Dominick heaved a sigh of relief. “So Trower could still be alive.”

“It doesn’t seem likely if—if he was shot.”

“But if he was running, he might have jumped into the sea and not fallen. It’s difficult to strike a moving target with a musket.”

“You think it’s possible?” Tabitha’s eyes lit her face like moonbeams on a dark night, then clouded again. “But they’d probably hang him now that they’ve likely worked out that he helped Donald escape.”

“Not yet. That takes a court martial, even for an impressed man.”

“So if he wasn’t killed in the escape, he’d still be—” Tabitha closed her eyes. “Why would I even hope he’d be alive? He’ll never get off that man-of-war now that they’ve gotten him back.”

“Would you want him here?” Dominick posed the question, though he didn’t want the answer. “Do you love him still, my dear? Could you . . . could you build a future with him?”

“Love him still?” Tabitha wiped her eyes on a corner of her apron. “I’m not sure I ever loved him as more than a dear friend of my youth. But we were so comfortable together before he left, we could have had a comfortable future.” She ducked her head, her lashes hiding her eyes. “If I didn’t have you, if circumstances were different when he returned, I could still have a future with him. But circumstances are as they are.”

“And can change.” Dominick cupped her face in his hands and kissed her long and hard, then released her and strode to the door into the rest of the house. “I need to talk to Parks, if he’s at all well enough and his wife’s not with him.”

“She’s not. He wants to be well enough to walk in his door, the silly man. So he’s sleeping, but you can wake him if it’s important.” The intensity of her gaze suggested she knew it was.

“It is.” Dominick set his jaw. “I need to know where that frigate is anchored. That captain is the key to all of this, if he’s receiving abducted men, and it’s time he was paid a visit from Lord Dominick Cherrett.”

“Dominick, you can’t. You won’t be home by sundown.” She grasped his arm. “Wait.”

“And have them sail, if they haven’t already?” He shook his head. “I have to take the risk, for Trower’s sake, for yours, and for mine.”

“But Kendall will punish you.”

“I’ll risk it.” Dominick shuddered at the thought of pain ripping across his back. “It’s worth the risk to end this warmongering once and for all.”

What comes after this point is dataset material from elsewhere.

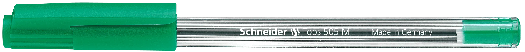 Ballpoint pen with clip cap that fits neatly on either end of the pen. The cap/stopper colour matches the writing colour: green. Medium line width (M), approx. 0.5 mm. The ink level is visible through the transparent barrel. The wear-resistant stainless steel tip guarantees that the large ink supply can be fully used and does not smear.

“But Dominick, I’ll—” She snapped her mouth shut so hard he heard her teeth snap together. “Please, don’t do it. I—I’ll go.”

“Do you think a British naval captain will talk to me or you?”

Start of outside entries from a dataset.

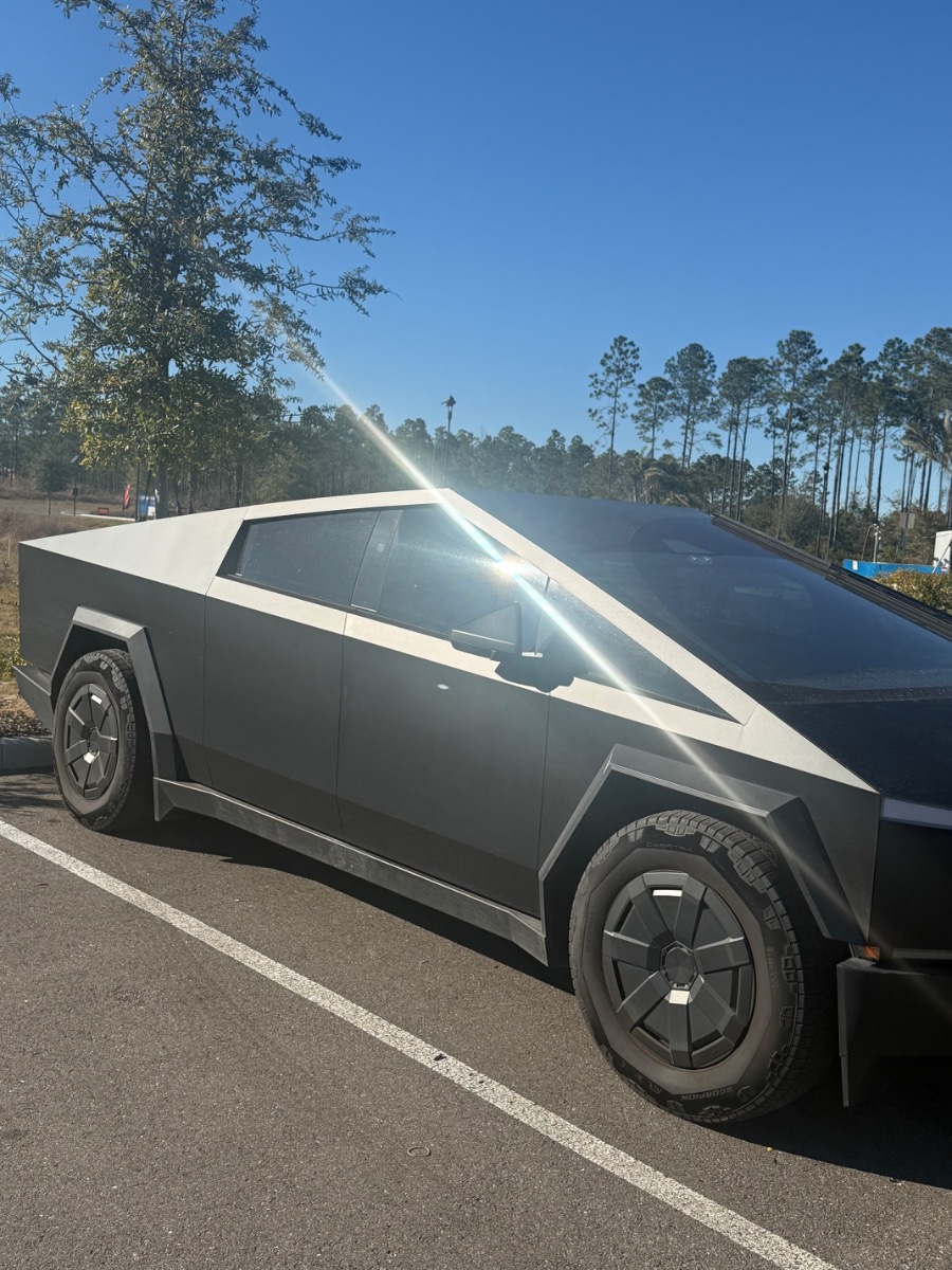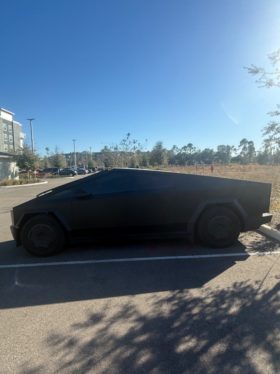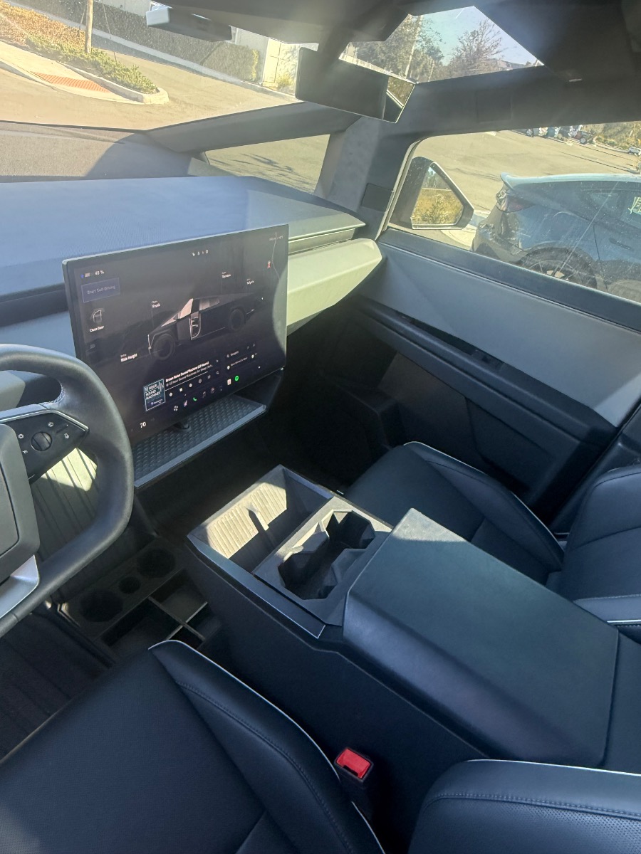 2025 Tesla Cybertruck. Matte black PPF Wrap and XPEL XR window tint. Custom, all weather floor mats. Anti glare screen protection on inside monitors.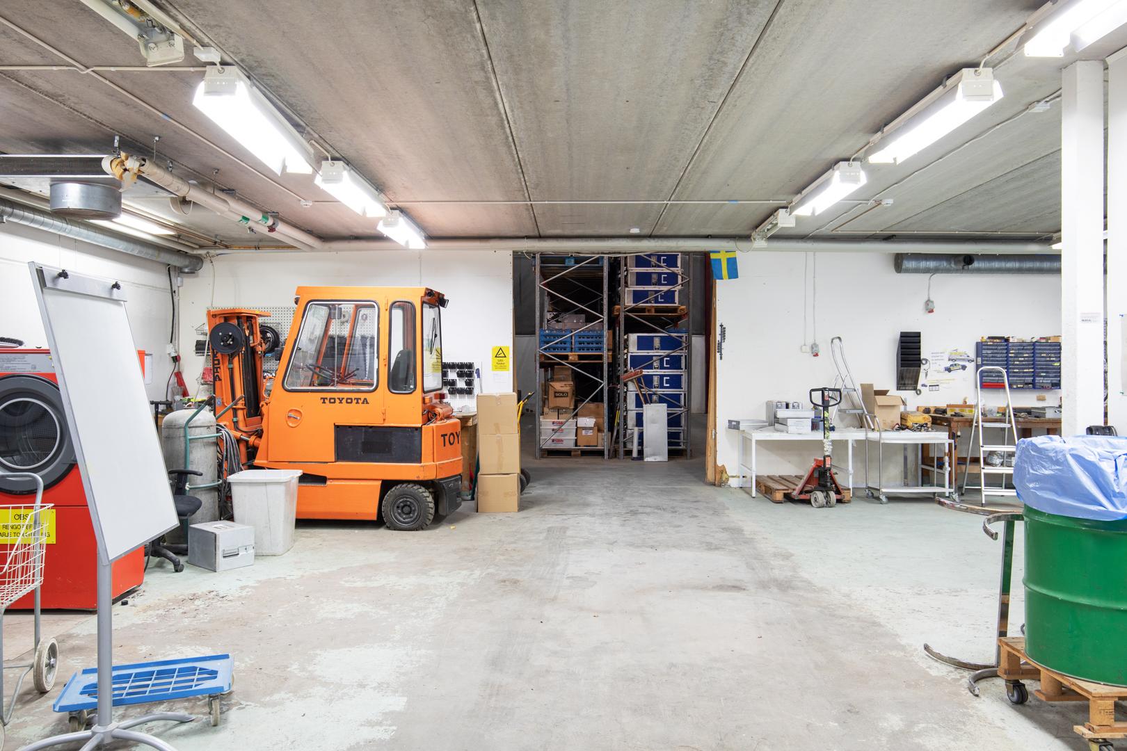 På första och andra våningen erbjuds ytterligare 500 kvm, som för närvarande används som låglager. Med vision och rätt planering kan dessa ytor omvandlas till inspirerande kontorslandskap eller produktionsutrymmen som möter era behov. Fastigheten är dessutom förberedd för hiss mellan våningarna.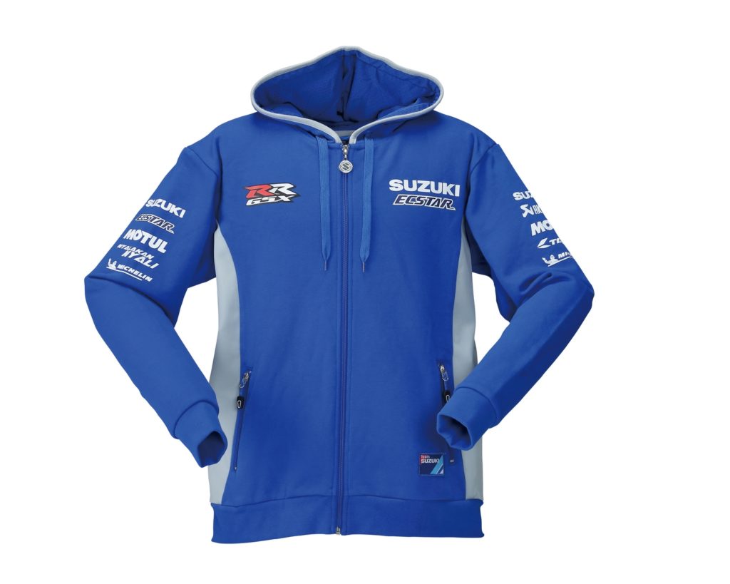 La linea di abbigliamento Suzuki MotoGP è pronta per lasciarci senza parole! I capi della collezione saranno oggetti unici con caratteristiche molto diverse tra loro sia per materiali che per taglio. Per l’autunno e l’inverno spiccano un soft shell e un pile, entrambi impreziositi dai loghi ufficiali del team e degli sponsor ricamati, gli stessi presenti anche sulle felpe, realizzate in versione con e senza cappuccio. I loghi sono invece stampati sulle t-shirt e sulle polo, le prime ordinabili con due grafiche differenti e le seconde in due diversi tessuti. Alle donne saranno dedicati capi come polo, canotta e felpa, studiati appositamente per risaltare la loro figura.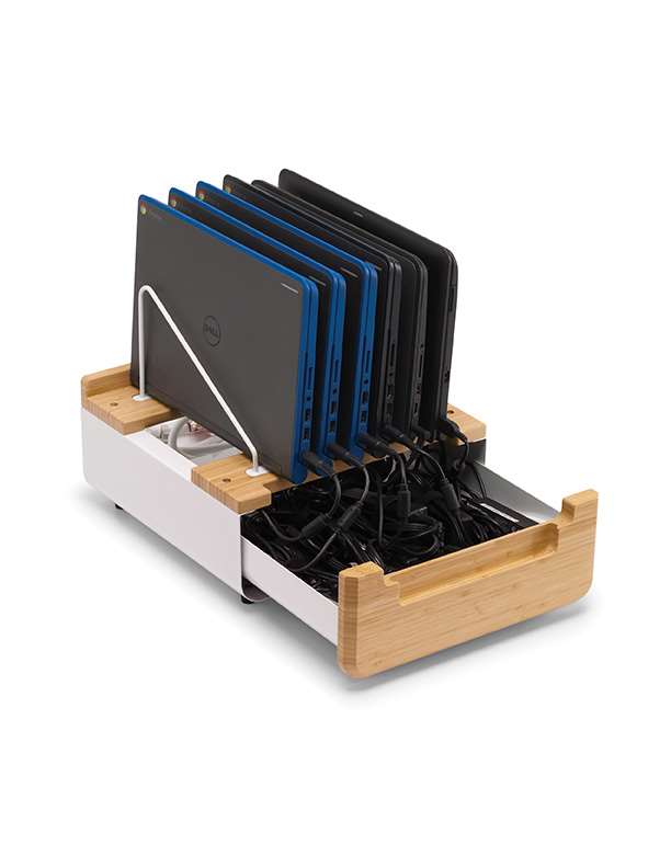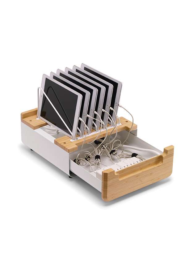 The Device Management Stand offers a solution for charging and simple cable management. This unit features bamboo elements, to offer a modern look and a lower environmental impact. With storage for 6 devices, the Device Management Stand allows for easy access to adapters via the pull-out drawer while maintaining clean and organized cable management with cord management slots.

The question was cruel, condescending. He knew it before he saw the pain twist her features. It couldn’t be helped. She’d be a fool to take the kind of risk he intended. If this captain was involved with the abductions, he was dangerous. He would do away with a village midwife. But Dominick doubted the man would risk harming the son of a peer of the realm—however disgraced that son—or the nephew of a Vice Admiral of the Red.

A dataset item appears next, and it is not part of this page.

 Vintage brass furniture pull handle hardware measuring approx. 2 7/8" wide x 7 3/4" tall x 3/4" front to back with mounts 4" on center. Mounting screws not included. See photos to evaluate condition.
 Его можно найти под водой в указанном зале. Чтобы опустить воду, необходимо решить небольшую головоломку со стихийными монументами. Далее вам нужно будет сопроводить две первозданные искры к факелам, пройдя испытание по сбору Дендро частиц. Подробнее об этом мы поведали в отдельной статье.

“If I don’t return,” he added more gently, “you’ll know where to send someone to rescue me or to go after the frigate. Try to get a message to my uncle. A boat will put in at the inlet north of here on June 21.”

“You could be halfway to Barbados by then.” Tabitha twisted her hands in her apron. “You can’t risk it.”

“I can’t avoid risking it. If I don’t, I’ll suffer four more years of servitude and have accomplished nothing. Young men will continue to disappear from these shores, and we’ll have war inside a year.”

“Then let me go with you. If Raleigh is merely injured, he’ll need medical assistance. And—and you—” She gazed at him with wide, blue-gray eyes. “Please.”